After being administered ibogaine along with concurrent injections of magnesium to reduce the potential impact on heart arrhythmia and other known potential cardiac side effects, “participants showed a remarkable reduction in symptoms” of disability, PTSD, depression and anxiety,” the team reported. The benefits were sustained at the 1-month follow-up. In fact, disability measures “continued to improve and psychiatric symptom remission and response rates remained high” after 1 month, the team noted. “Neuropsychological testing revealed areas of improvement after treatment particularly in processing speed and executive function, without any detrimental changes observed. With regard to safety, no serious or unexpected adverse events occurred and management of adverse effects was uncomplicated.” Such adverse effects included nausea, headache, and anxiety. Motor effects were uncommon and resolved within 24 hours.
The disability score of a typical participant declined from 30 to 19.9 in the assessment immediately following treatment; this further plunged to 5.1 after one month (“no disability”). Mean percentage reduction in PTSD, depression and anxiety symptoms was 81%; 93% were “responders” and the remission rate was 83%. Suicidal ideation, present in 47% pre-treatment, fell to 0% just after treatment and 7% after one month. The tests of neurocognitive functioning included a finding that reaction time slowed significantly post-treatment, which may translate into a reduction in impulsivity among those in whom this was a problem. Impulsivity is associated with relapse after substance-use treatment and also with suicidality.

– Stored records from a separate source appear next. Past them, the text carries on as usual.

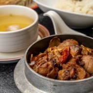 嚴選雞腿肉丁與辛香料爆出香氣再搭配花雕酒與醬油黃金比例,燉煮出醬香酒香雙重美味,爆炒時間嚴格控管,最後最佳火侯起鍋,搭配美味米飯和熱湯,每塊雞腿肉都超入味。
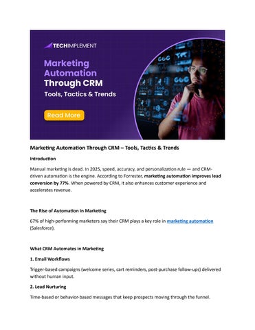 Manual marketing is dead. In 2025, speed, accuracy, and personalization rule — and CRM-driven automation is the engine. According to Forrester, marketing automation improves lead conversion by 77%. When powered by CRM, it also enhances customer experience and accelerates revenue.
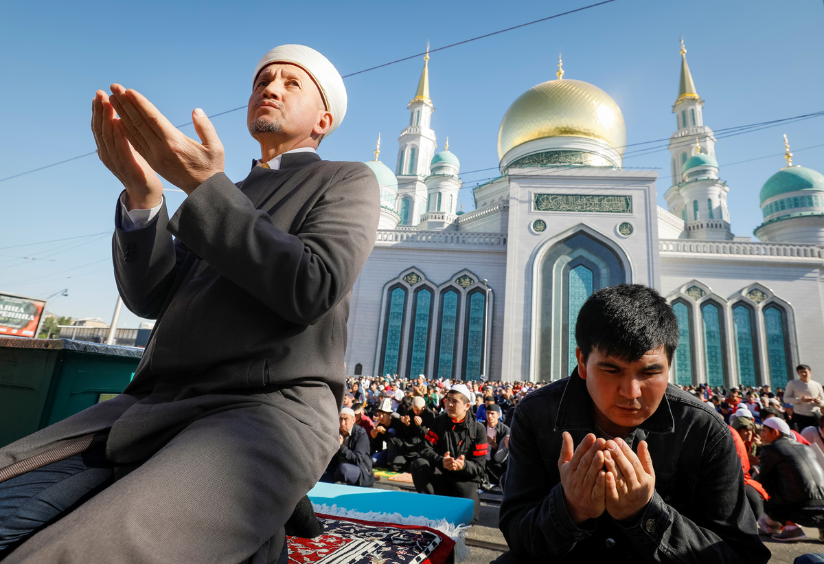 Muslims attend the morning prayers of Eid al-Fitr, marking the end of the holy month of Ramadan, near the Moscow Cathedral Mosque, Russia June 4, 2019. REUTERS/Shamil Zhumatov
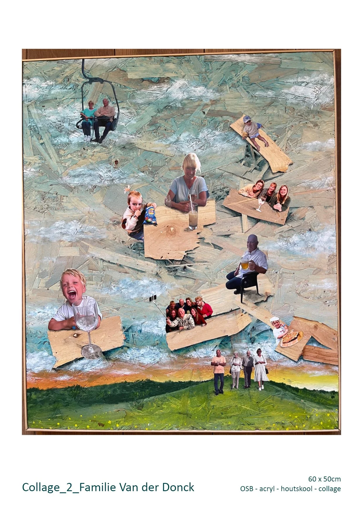 Daarnaast verzamel ik informatie over favoriete of gewenste kleuren, evenals specifieke herinneringen en eigenschappen van de personen die in het werk verwerkt worden. Dit helpt mij om extra, passende beeldelementen te integreren, zowel geschilderd en geïllustreerd als in collagevorm.
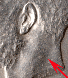 ST 1911 A - Obv. 1 - The I of BRITT points to a tooth in the border. There is a "hollowness" to the back of the neck. ST 1911 C - Obv. 2 - The I of BRITT points to a gap between two teeth in the border. There is the normal "roundness" to the back of the neck. 1911 Reverse Varieties
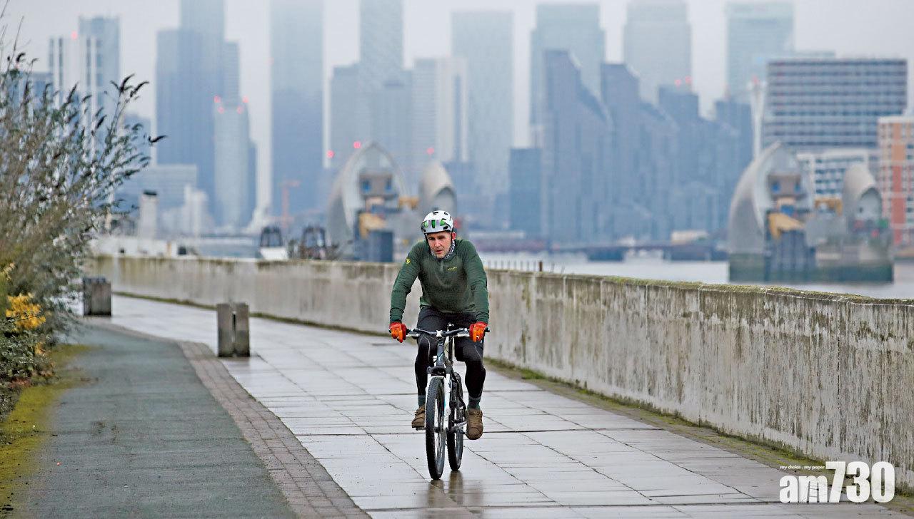 英國疫情嚴峻,倫敦有民眾在戶外踩單車時沒戴上口罩。
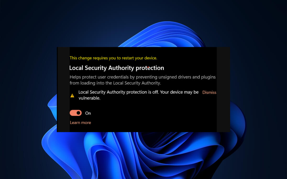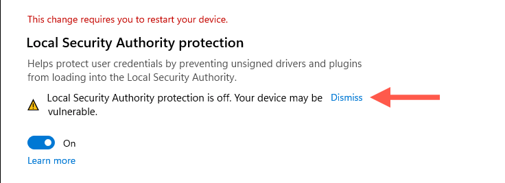 - Select Dismiss next to the “Local Security Authority protection is off” notification.
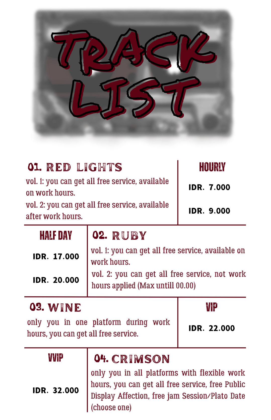 | Jam Session | IDR 6.000/ Hour | |

Because the trial was not blinded and there was no control, it was impossible for the researchers to estimate the magnitude of the placebo effect—which is present in all trials. In this case, it might have been powerful, the researchers note, since the participants had elected to travel internationally to be treated and were not being helped sufficiently by any prior treatments (which they ceased prior to the beginning of the trial). Thus, the factor of “expectancy,” of wanting and expecting a positive result, was no doubt present. Researchers have long understood the special challenge of clinical research involving psychedelic compounds: those who ingest them know they have received a “treatment”—there is no known neutral, non-psychoactive agent that effectively mimics a psychedelic drug experience.
Another important factor in considering the strong results is the potential impact of “complementary therapies” which all participants received as part of the trial in Tijuana. Each participant was paired with a licensed therapist experienced in coaching patients undergoing ibogaine treatment. Each was coached prior to the administration of the treatment, during the treatment while the dream-like effects of ibogaine were being experienced, and following treatment—the next day, when coaches and patients discussed the processing of their emotions and how to interpret and “integrate” insights they may have gained from the treatment into their everyday lives.
Further study of the data from the brain scans made before and after the treatments will lead to additional papers by the team. Dr. Williams hopes that results of subsequent studies with more diverse patient populations including those with more severe TBI, will reveal “a host of different brain areas” that may be involved in any therapeutic impact of ibogaine—data that might “help us to treat other forms of PTSD, anxiety, and depression that aren’t necessarily linked to TBI.”